QAnon Shaman Sues Donald Trump For $40,000,000,000,000

Jacob Chansley, the Arizona man widely known as the “QAnon Shaman” for the horned headdress and face paint he wore during the January 6, 2021, breach of the U.S. Capitol, has filed a sprawling, self-written lawsuit in Maricopa County Superior Court that seeks $40 trillion in damages and names former President Donald Trump among more…

Jacob Chansley, the Arizona man widely known as the “QAnon Shaman” for the horned headdress and face paint he wore during the January 6, 2021, breach of the U.S. Capitol, has filed a sprawling, self-written lawsuit in Maricopa County Superior Court that seeks $40 trillion in damages and names former President Donald Trump among more than a dozen defendants. In a 26-page complaint presented as a single paragraph, Chansley alleges a vast conspiracy to violate constitutional rights and simultaneously declares himself the “rightful” leader of a reconstituted American government. The filing lists Trump, the Federal Reserve, the National Security Agency, the International Monetary Fund, the World Bank, the state of Israel, Elon Musk’s X Corp., T-Mobile, the Defense Advanced Research Projects Agency and Warner Bros. Studios as defendants, among others, and asserts that the country should be governed only by the original Constitution and the Bill of Rights. Local reporters who reviewed the court papers described them as a manifesto rather than a conventional pleading.

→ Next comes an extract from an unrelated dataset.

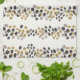 Un diseño contemporáneo y punteado, perfecto para un regalo de bienvenida. Paleta de colores inspirada a mediados de siglo de oro, verde, marfil y gris.

The damages demand is broken into three parts, according to that account: $38 trillion to erase U.S. government debt, $1 trillion to rebuild national infrastructure and $1 trillion for Chansley’s alleged personal suffering. In one passage quoted from the filing, Chansley attributes his individual claim to “personal, emotional, mental and spiritual torture and years worth of anguish.” The complaint also asserts that he would order the Federal Reserve to mint a one-ounce gold coin and fix its value at $40 trillion to pay off the country’s debts, an idea he presents as a first act as “the first president of the ‘New Constitutional Republic of the United States.’” The document’s references to exhibits include a handwritten link to an online folder that reporters said could not be accessed.

The Independent reported that Chansley claims in the suit that he is the “true” commander-in-chief and that his constitutional grievances arise from actions by an “elite group” he accuses of orchestrating an unlawful system. The newspaper said the filing “targets Elon Musk, T-Mobile and Warner Bros.” and recapitulates Chansley’s recent public break with Trump, noting that he “withdrew his support for Trump after the president refused to release the Epstein files.” The Independent also reported that Chansley alleges the NSA catfished him online while posing as actress Michelle Rodriguez and that Trump personally emailed him two days after the Capitol riot; those assertions are presented in the article as claims in the complaint, not as verified facts.